Here is the final block design :
It contains a hierarchy ('threshold') for our custom IP block :
Before calling the threshold function, we need to preprocess the image to convert it to grayscale, and then to an array, and finally flatten it and get its length. The postprocessing part reshapes the output data and converts it to an image.
Once the PYNQ-Z2 card is setup, connect to the Jupyter notebook through the network. Connect the PYNQ-Z2 to Ethernet, and connect the HDMI-in port to a machine through an HDMI cable.
In our case :
- URL address : 10.104.210.46:9090
- Login/password : xilinx/xilinx
You just have to download the archive of the notebook project and place it in your own Jupyter space.

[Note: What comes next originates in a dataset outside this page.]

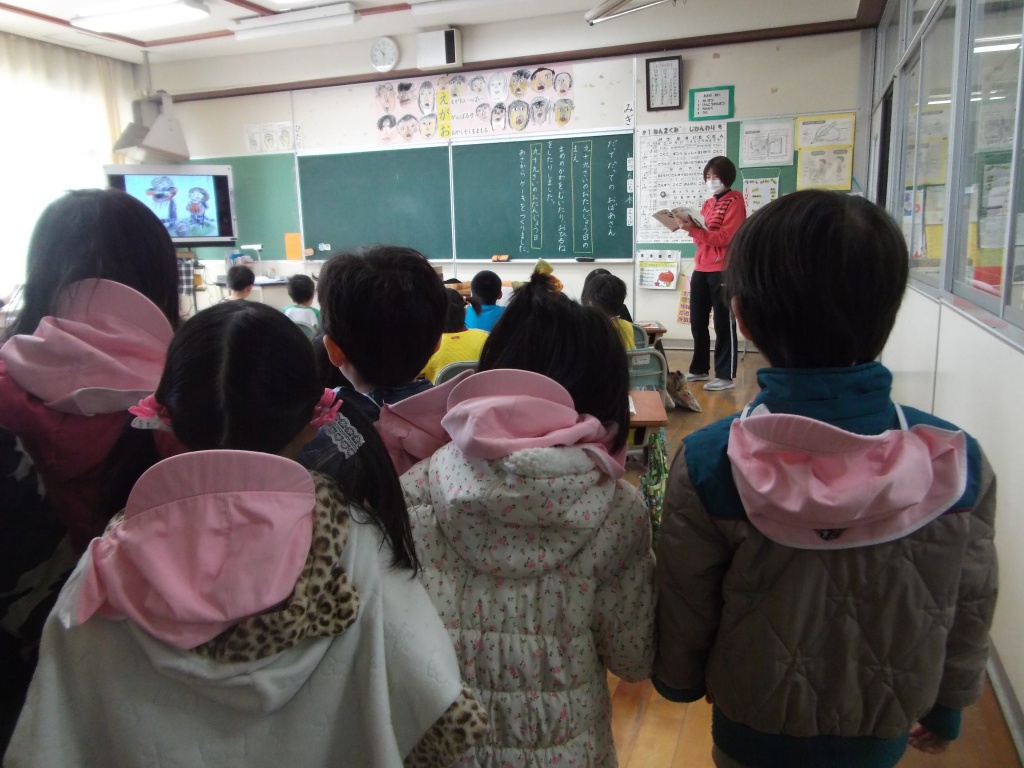 ☆今日は、年長児が聖徳保育園のおともだちと一緒に銭座小学校を

For now, only the threshold function of binary type is implemented.
- Input image :
- Output image :
Let's compare the overlay performances to the original OpenCV function and the Python function remake, using the same input image and parameters. We study the duration across 5 runs.
OpenCV | Remake | Overlay |
---|---|---|
5.5 ms | 37146.5 ms | 2846.7 ms |
6.4 ms | 37387.0 ms | 2901.8 ms |
5.5 ms | 36541.3 ms | 2890.1 ms |
6.9 ms | 37202.1 ms | 2881.7 ms |
6.8 ms | 37069.5 ms | 2887.6 ms |
The average durations after this test are the following :
OpenCV | Remake | Overlay |
---|---|---|
6.2 ms | 37069.3 ms | 2881.6 ms |
We can deduce that in this test, the overlay function is almost 13 times faster than the remake function. However, it is still around 465 times slower than the original OpenCV implementation. This result was expected given that OpenCV is an optimized library.

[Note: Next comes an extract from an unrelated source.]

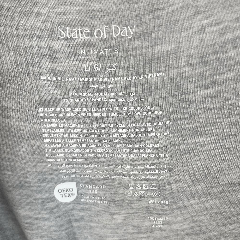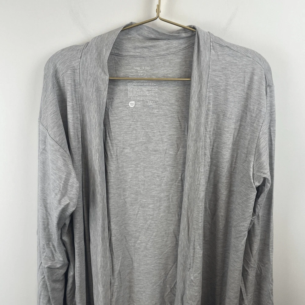 NAME: State of Day Modal Cardigan Cozy Robe Gray Size Large CONDITION: Excellent pre-owned condition- this is SO soft. COLOR: Gray FEATURES: Modal APROX MEASUREMENTS: Pit to Pit:26" Length: 32" 1146 14 oz *DISCLAIMER*:All measurements are approximate and taken laying flat. The actual color of an item may differ slightly from the images due to variations in lighting and monitor settings. I do my best to point out any and all imperfections, but some items may have minor imperfections or irregularities that I have missed. Feel free to ask any questions. Thank you for supporting my small business and giving new life to pre-owned clothing.

Furthermore, we obtain the same output data for the three functions, which emans that the results are accurate. To check it, we computed the mean value of the absolute difference between the output arrays, two by two.
So as to explore the PYNQ field of possibilities, we replaced the part of loading an image from a folder by an input stream coming from the HDMI port. To do so, we connected the HDMI port to a computer opened on a webpage, and followed the HDMI-in tutorial. We also worked with GPIO using the RGB LED, whose driver source code can be found here.

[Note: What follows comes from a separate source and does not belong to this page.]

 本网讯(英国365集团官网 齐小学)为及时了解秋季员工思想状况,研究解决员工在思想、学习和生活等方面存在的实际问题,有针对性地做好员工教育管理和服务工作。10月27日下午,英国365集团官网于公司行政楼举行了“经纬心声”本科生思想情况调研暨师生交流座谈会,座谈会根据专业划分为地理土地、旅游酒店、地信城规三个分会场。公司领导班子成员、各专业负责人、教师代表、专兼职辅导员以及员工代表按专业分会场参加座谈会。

- Make changes to the kernel code of the kernel code of the threshold function to further reduce the execution time;
- Improve the design of the Python driver class;
- Make the threshold function more customizable by allowing the choice of the thresholding technique;
- Implement the IP block of the erode function;
- Combine the custom IP blocks with the RGB LED and the HDMI in a same overlay to avoid switching between them. Either start from the whole PYNQ-Z2 base overlay, adding the custom IP, or start from zero. This tutorial may help;
- Configure the HDMI-out peripheral to display the results on an external screen;
- Apply the function continuously on a video stream.